Udupi (/kn/) is a city in the Indian state of Karnataka. It is the administrative headquarters and taluka of Udupi district, and one of the fastest-growing cities in Karnataka. Udupi is one of the top tourist attractions in Karnataka and has various educational institutions. It is notable for the Krishna Temple and is also known as the temple city. It also lends its name to the popular Udupi cuisine, is also known as Parashurama Kshetra, and is famous for Kanakana kindi. Udupi district is located in western part of Karnataka.

== Etymology ==
The word 'Udupi' derives from the Sanskrit word "Udupa", meaning "Moon".

==History==
In the 13th century, Vaishnavite saint Madhvacharya founded the Sri Krishna Temple. He set up eight mathas – Ashta Mathas in Udupi to propagate the Dvaita Vedanta philosophy, and this caused a vibrant temple culture to take root in present-day Udupi district. Significant migration of Brahmins to the region took place subsequently, and they came to comprise 10 per cent of the region's population, three times higher than elsewhere in South India.

== Demographics ==

Udupi city is part of the eponymous district in Karnataka, India. As per the census in 2011, Udupi city has 33,987 households and a total population of 144,960, of which 71,614 are males and 73,346 are females.
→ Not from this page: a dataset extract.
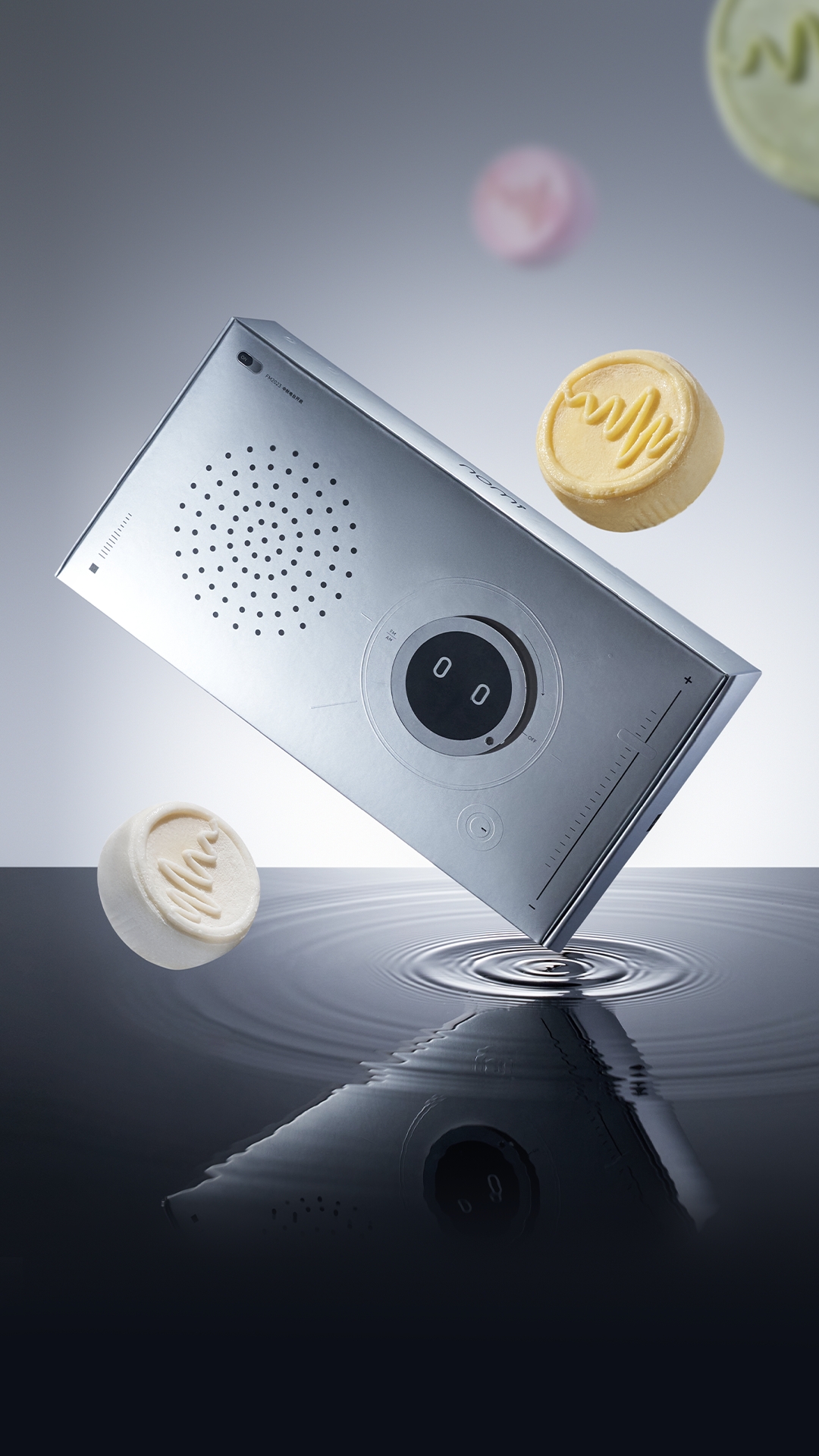 礼盒采用多巴胺配色,外套盒形状如云朵,打开礼盒的动作寓意“守得云开见月明”;礼盒中央的月倒影代表心心相印的“跃”动。月明之下,让多巴胺注入工作生活。愿人们快乐工作,认真生活。

The population of scheduled castes is 8,385 while that of scheduled tribes is 6,774. The city population is growing at a rate of 14.03%.

The most spoken language in Udupi town is Tulu. Kannada and Konkani are also spoken in Udupi town.
Dakhini Urdu and Beary are spoken by Muslims in the region.

== Government and politics ==
Udupi city falls under the Udupi Chikmagalur Lok Sabha constituency and the Udupi Chikmagalur State assembly constituency and is represented by the Member of Parliament Kota Srinivas Poojary and Member of Legislative Assembly, Yashpal Suvarna.

=== Civic Administration ===
Udupi, which previously had a Town Municipal Council now has a City Municipal Council which came into existence in 1995. Areas around Udupi, such as Manipal, Parkala, Malpe, Udyavara and Santhekatte were merged to form the City Municipal Council.

The city of Udupi is governed by the City Municipal Council and has 35 wards spread across an area of 75.92 km2. It is headed by Anand C Kallolikar, the Municipal Commissioner. The city council has departments for health, urban planning, technical division, revenue, finance, birth and death, and Day-NULM.

=== Civic Utility ===
The master plan of the city is prepared by the Udupi Urban Development Authority (UUDA) and the Directorate of Town and Country Planning.

The city receives its primary source of drinking water from water stored at Baje Vented Dam. The municipality also seeks to augment its water storage by pumping water accumulated in the Swarna River at Sanebettu. The city is divided into three zones with different timings for efficient water supply. It also received a loan of $75 million from the Asian Development Bank to have round-the-clock water supply in 2018. The city has both open and closed drains. The underground sewage network exists in only 20% of the city's area as of 2017, but has been proposed to increase from the present 82 kilometres to 143 kilometres. The municipality area generated 46 million litres (MLD) of sewage which is treated at a sewage treatment plant in Nittur.There is a fire station at Udupi at Nayarkere.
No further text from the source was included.